'''

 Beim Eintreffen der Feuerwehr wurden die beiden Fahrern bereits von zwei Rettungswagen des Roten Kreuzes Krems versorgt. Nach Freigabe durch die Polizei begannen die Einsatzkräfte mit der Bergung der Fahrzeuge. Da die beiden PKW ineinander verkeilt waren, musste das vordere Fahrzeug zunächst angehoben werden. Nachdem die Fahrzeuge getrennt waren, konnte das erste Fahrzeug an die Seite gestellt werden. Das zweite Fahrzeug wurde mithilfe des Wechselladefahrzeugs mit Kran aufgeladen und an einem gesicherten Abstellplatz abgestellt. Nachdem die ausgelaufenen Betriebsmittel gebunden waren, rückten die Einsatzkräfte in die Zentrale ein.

'''
'''

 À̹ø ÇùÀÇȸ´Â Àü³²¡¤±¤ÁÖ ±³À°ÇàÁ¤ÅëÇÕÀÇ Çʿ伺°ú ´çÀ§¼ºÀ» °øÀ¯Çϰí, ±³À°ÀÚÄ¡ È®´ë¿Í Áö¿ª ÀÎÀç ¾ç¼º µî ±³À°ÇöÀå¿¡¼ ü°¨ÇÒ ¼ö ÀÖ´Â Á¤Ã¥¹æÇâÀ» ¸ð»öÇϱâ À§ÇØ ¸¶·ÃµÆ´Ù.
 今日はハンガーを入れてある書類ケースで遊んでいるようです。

'''

Send back exactly the lines of the listing above starting at the one with "À̹ø ÇùÀÇȸ´Â Àü³²¡¤±¤ÁÖ" and ending at the one with "今日はハンガーを入れてある書類ケースで遊んでいるようです。", inclusive, and no others.

» **Written answer**:
 À̹ø ÇùÀÇȸ´Â Àü³²¡¤±¤ÁÖ ±³À°ÇàÁ¤ÅëÇÕÀÇ Çʿ伺°ú ´çÀ§¼ºÀ» °øÀ¯Çϰí, ±³À°ÀÚÄ¡ È®´ë¿Í Áö¿ª ÀÎÀç ¾ç¼º µî ±³À°ÇöÀå¿¡¼ ü°¨ÇÒ ¼ö ÀÖ´Â Á¤Ã¥¹æÇâÀ» ¸ð»öÇϱâ À§ÇØ ¸¶·ÃµÆ´Ù.
 今日はハンガーを入れてある書類ケースで遊んでいるようです。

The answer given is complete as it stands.